Что особенно привлекало меня в товарищах из RAF, так это их абсолютная серьезность. Они жили тем, о чем говорили, они не играли в игры. То, что они говорили, и то, что они делали, были едины. Я все еще не мог полностью понять политический аспект того, во что они верили, но я был очарован их преданностью своему делу». Позже Гудрун назвала это «глубоко прочувствованной свободой воли». Я смотрел на то, как они спорили друг с другом с открытостью и прямотой, которых я никогда не испытывал, и как они боролись за себя и за всех в группе.
Однажды днем Андреас, Гудрун и Ян пришли вместе ко мне в квартиру. Я в это время слушала музыку и читала. Все трое были напряжены. Они тренировались в стрельбе в лесу, и на подобных занятиях у каждого из них было особое задание: Андреас отвечал за угнанную машину и пулемет, который всегда был под рукой во время поездок. Ян отвечал за наблюдение и охрану «стрельбища», а Гудрун должна была следить за тем, чтобы после окончания учений ничего не было оставлено. Когда они вошли в квартиру и освободили сумки, Гудрун увидела, что пистолет Андреаса отсутствует. Они оставили его в лесу, и Андреас был в ярости. Теперь им снова придется идти в лес за оружием, которое, возможно, уже было найдено кем-то другим. Андреас возложил вину на Гудрун, сказав, что она ни на что не годится: «Ты полная идиотка, для чего тебе голова? Если мы сейчас наткнемся на блокпост, мне придется позволить им застрелить меня». Гудрун была абсолютно спокойна. Андреас кричал дальше, и я боялся, что он в любой момент ударит Гудрун. Гудрун ничего не говорила, но сжималась под шквалом оскорблений и угроз.
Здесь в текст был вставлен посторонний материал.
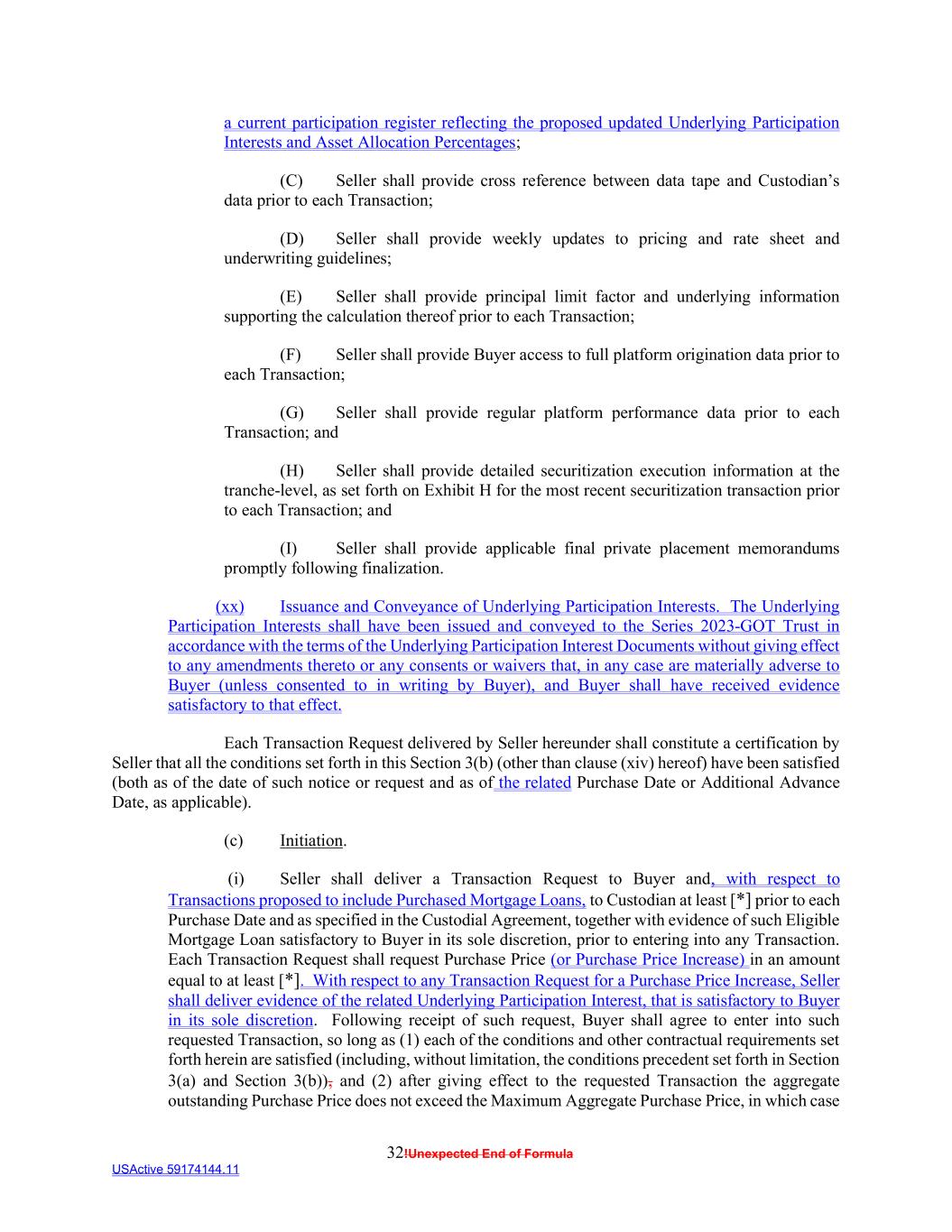 32!Unexpected End of Formula USActive 59174144.11 a current participation register reflecting the proposed updated Underlying Participation Interests and Asset Allocation Percentages; (C) Seller shall provide cross reference between data tape and Custodian’s data prior to each Transaction; (D) Seller shall provide weekly updates to pricing and rate sheet and underwriting guidelines; (E) Seller shall provide principal limit factor and underlying information supporting the calculation thereof prior to each Transaction; (F) Seller shall provide Buyer access to full platform origination data prior to each Transaction; (G) Seller shall provide regular platform performance data prior to each Transaction; and (H) Seller shall provide detailed securitization execution information at the tranche-level, as set forth on Exhibit H for the most recent securitization transaction prior to each Transaction; and (I) Seller shall provide applicable final private placement memorandums promptly following finalization. (xx) Issuance and Conveyance of Underlying Participation Interests. The Underlying Participation Interests shall have been issued and conveyed to the Series 2023-GOT Trust in accordance with the terms of the Underlying Participation Interest Documents without giving effect to any amendments thereto or any consents or waivers that, in any case are materially adverse to Buyer (unless consented to in writing by Buyer), and Buyer shall have received evidence satisfactory to that effect. Each Transaction Request delivered by Seller hereunder shall constitute a certification by Seller that all the conditions set forth in this Section 3(b) (other than clause (xiv) hereof) have been satisfied (both as of the date of such notice or request and as of the related Purchase Date or Additional Advance Date, as applicable). (c) Initiation. (i) Seller shall deliver a Transaction Request to Buyer and, with respect to Transactions proposed to include Purchased Mortgage Loans, to Custodian at least [*] prior to each Purchase Date and as specified in the Custodial Agreement, together with evidence of such Eligible Mortgage Loan satisfactory to Buyer in its sole discretion, prior to entering into any Transaction. Each Transaction Request shall request Purchase Price (or Purchase Price Increase) in an amount equal to at least [*]. With respect to any Transaction Request for a Purchase Price Increase, Seller shall deliver evidence of the related Underlying Participation Interest, that is satisfactory to Buyer in its sole discretion. Following receipt of such request, Buyer shall agree to enter into such requested Transaction, so long as (1) each of the conditions and other contractual requirements set forth herein are satisfied (including, without limitation, the conditions precedent set forth in Section 3(a) and Section 3(b)), and (2) after giving effect to the requested Transaction the aggregate outstanding Purchase Price does not exceed the Maximum Aggregate Purchase Price, in which case

Я была потрясена этой сценой и разозлилась на Андреаса за его крики и угрозы. Я сразу же встала на сторону Гудрун: «Оставь ее в покое!», — крикнула я Андреасу. Позже Гудрун отвела меня в сторону. Андреас тоже облажался, он сам отвечает за свой пистолет. А потом все эти крики — пустая трата энергии. Но, знаешь, хуже всего для меня то, что я это терпела. Я должен был хотя бы возразить. С моей стороны было глупо просто поддаться ему и не реагировать. Ты понимаешь, о чем я?» Я действительно не понимала.
Когда Андреас обнаруживал, что кто-то совершил ошибку, он мог быть очень вспыльчивым и оскорбительным. Он сам жил в соответствии с критериями, по которым критиковал других, поэтому все в группе принимали его острый язык и вспышки гнева. В то время я еще не мог представить, как трудно мне будет впоследствии справляться с его критикой.